Reader Melissa asked this a few weeks ago and it’s one of my pet issues in YA. I talk to a few of my clients about this, and to anyone that asks, really, because it is a mystery, a frustration, a conundrum:
I am hoping you can answer a question for me. Recently, there has been a lot of talk about boy MC’s (YA) being a hard sell, yet many agents request boy books on their websites/blogs. Are boy MC’s a hard sell? My current involves a boy MC but with a romantic element to the story. Is this the same topic or are these two different types of books? To me, it would seem that boy MC books directed at boys alone are very different than boy MC books that have the romantic element so desirable to girls.
When people request “boy books,” I find that they’re more often talking about MG, where boy readers are still more active. In YA, boy readers are almost extinct. They have a) stopped reading or b) moved on to adult sci-fi/thriller/fantasy, etc. In MG, adventure and mystery and especially boy/girl teams of siblings or friends are doing well in the marketplace right now, so editors are looking to add those types of stories to their lists.
Not so much in YA. When I’ve gone on submission with boy YA and boy main characters in YA, I have literally heard from editors, “Oh, we’ve already filled our slot.” That’s right. A single slot. Some houses usually do one or two boy-centric YA books per season and that’s it. Because that’s not where the readers are, unfortunately. As much as editors would like to change the reality of older boys not reading, most have found that putting more and more books out there for them doesn’t necessarily move the needle.
One way that writers with boy MCs in YA can be successful is if they take lots of girl appeal, as Melissa says, and apply liberally. John Green is a really successful test case. He writes boy MCs that girl readers want to date, simple as that. His boy protagonists are quirky, nerdy, in love with a girl, and chasing her with such passion that boys can relate, sure, but girl readers swoon.

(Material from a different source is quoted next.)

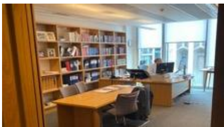
Un bureau d'un des 96 juges des Business and Property Courts of England and Wales

In October 2017 these business-related Courts were all brought together under the umbrella title of “ The Business and Property Courts of England and Wales ” and located in a new building developed jointly by the Ministry of Justice and the City of London, and called the Rolls Building , because it was built on a site adjoining where the “Rolls” were formerly kept. It contained (then) state-of-the-art technology. It provides 57 courtrooms and permanent accommodation for all London-based specialist judges. It was said to be the largest concentration of business courts in Europe (if not the cosmos). It is important to note that what was achieved was co-location (not merger or harmonisation).

Girl readers can easily see themselves in the role of that girl, and they want the geeky, cute, dedicated boyfriend type that populates John’s pages, even if he is a loner or flawed or otherwise damaged. Girls love a good fixer-upper in some cases, not just the blazing-hot romantic hero. Vulnerable boys, not just sparkly ones, really do appeal.

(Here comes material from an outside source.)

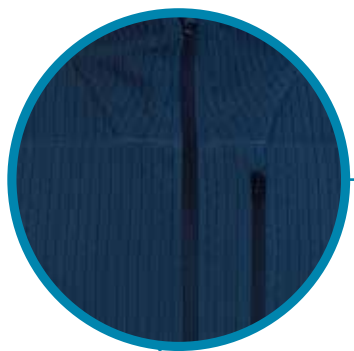
Diseño cierre completo

Polar térmico / Fabricado con tejido stretch , para mayor confortabilidad / Tiene tratamiento antipilling que evita la aglomeración de pelusas producto del roce / Su diseño triangular y cierre frontal lo caracterizan como una prenda versatil y dinámica , adaptable a distintos requerimientos que involucren protección y flexibilidad / Las canaletas de ventilación permiten una mayor termicidad/respirabilidad y regulación del calor corporal .

So I think Melissa’s on the right track with the romance element. More than 80% of your readers, even with a male MC or a mixed-gender or gender-neutral tale, will be girls. Give them lots to dig into. And a guy they can dig. Give the boy readers good stuff, too, and a character to relate to who’s not a total girl-pleaser, but know that your core audience will most likely be girls. And if you’re planning a book that’s totally boy-centric, it will be a harder push to get it on publisher’s lists, unless it is just really appealing and awesome for teen boys and you nail the demographic well.